C. M.: Belluscone, vedi che in questo quartiere ha preso… insomma, dei voti… delle cose, insomma… Si può dire che so… che insomma che è salito per questo quartiere.
F. M.: Ma lei come se lo spiega?
C. M.: Me lo spiego. Capirai, un amico vale l’altro, eh…
F.M.: Sempre gli amici?
C. M.: Eh, Sempre gli amici, non è che eh…
F. M.: Gli amici?
C. M.: Si vogliono bene, perciò capirai. Noi vogliamo bene a loro, loro vogliono bene a noi. Ci accontentiamo da una parte e dall’altra. Tutto qua”.

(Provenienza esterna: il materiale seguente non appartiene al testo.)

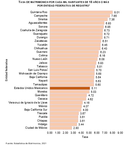Se registraron en total 453 mil 085 uniones nupciales, con lo que se obtuvo una tasa nacional de 5.11 matrimonios por cada mil habitantes de 18 años o más.
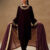 Designed with a rich, dark maroon 9000 micro velvet, this three-piece suit is perfect for a warm and royal look. The neckline is the best part, featuring a thick round border of gold flowers that are all made by hand. You will also find this beautiful gold handwork on the ends of the sleeves to give it a finished look. Because it is made from premium velvet, the fabric feels very soft and has a nice glow when it catches the light.

Ma anche l’intervista tragicomica a Marcello Dell’Utri, grande amico siciliano di Berlusconi, che risponde alle domande mentre è seduto su un trono, in una parodia sul sensazionalismo del giornalismo televisivo.
Oppure la canzone “Vorrei conoscere Berlusconi”, composta da Erik, al tempo promessa musicale siciliana e prodotta con la supervisione di Ciccio Mira.
Recentemente, Ciccio Mira è diventato virale su TikTok – così come Enzo Castagna, altro noto protagonista di alcuni film di Ciprì e Maresco – attraverso brevi clip in cui, intervistato nel film, condivide i suoi pensieri sulla mafia. Esiste anche un sequel di “Belluscone”, intitolato “La mafia non è più quella di una volta”, in cui il personaggio principale tenta di redimersi organizzando un concerto in memoria di Falcone e Borsellino. Il suo pentimento è sincero? Guardate entrambi i film e giudicate voi stessi.
Ebbene, siamo giunti alla fine di quest’articolo e manco so più chi sono, proprio come Maresco.
FORSE SONO BIPOLARE, COME KANYE WEST, PER METÀ BERLUSCONIANO E PER METÀ “MARESCHIANO”. COME DICEVA QUALCUNO CHE NON RICORDO, FORSE ERA UN’ALLUCINAZIONE: “VORREI VIVERE IN UN BUNKER ALBANESE DELL’ERA DI ENVER HOXHA, NEL QUALE NON PRENDEREBBE INTERNET COME NESSUN’ALTRA LINEA. ADDIO.